Although it reveals itself in different ways, people's fears are really quite consistent. Researchers

at the University of Manitoba, Canada, found the greatest fear is showing signs of anxiety such

as trembling or having a shaky voice. Fear of the mind going blank, freezing and being unable to

continue, saying or doing something embarrassing. In principle, there isn't such a difference

between talking to one person and talking to several. Granted, more of a two-way interaction is

expected with just two people, but beyond this the difference between say speaking to two or two

hundred is a matter of scale. Whether we talk to one person or to many we engage in a process

where both the speaker and those who listen have goals. In a successful delivery, goals are met,

but if anxiety inhibits the process neither the speaker nor the audience is satisfied.  Anxiety is

contagious and it results in frustration.   Stage fright starts from a kind of self-handicapping

internal dialogue. It goes along the lines of the person feeling they are not experienced or clever

enough to do this. Aside from the actually skill of presentation, the person fears the negative

evaluation of others and of being the center of attention (at least for this activity). When the

person does begin their presentation, they may further handicap themselves by apologizing for –

feeling ill, for having previously muddled up their papers, for not having much time to research

the materials beforehand - and so on. It sets up a negative experience for their audience who are

left feeling they may be about to get a poor deal.
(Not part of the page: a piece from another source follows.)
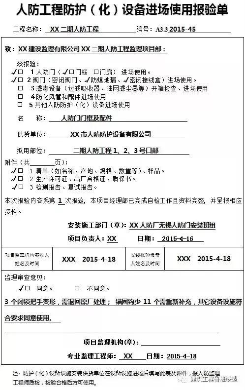 凡定型設備及配件數質量出廠達不到規定標準的不得安裝,如果現場無法修復時,應退回生產廠家處理。(參見附件:《人防工程防護(化)設備進場使用報驗單》)。

10 ways to reduce stage fright:

1. Shift the focus from yourself and your fear to your true purpose—contributing something
of value to your audience.
2. Stop scaring yourself with thoughts about what might go wrong. Instead, focus your
attention on thoughts and images that are calming and reassuring.
3. Refuse to think thoughts that create self-doubt and low confidence.
4. Practice ways to calm and relax your mind and body, such as deep breathing, relaxation
exercises, yoga, and meditation.
5. Exercise, eat well, and practice other healthful lifestyle habits. Try to limit caffeine,
sugar, and alcohol as much as possible.
6. Visualize your success: Always focus on your strength and ability to handle challenging
situations.
7. Prepare your material in advance and read it aloud to hear your voice.
8. Make connections with your audience: Smile and greet people, thinking of them as
friends rather than enemies.
9. Stand or sit in a self-assured, confident posture. Remain warm and open and make eye
contact.
10. Give up trying to be perfect and know that it is OK to make mistakes. Be natural, be
yourself.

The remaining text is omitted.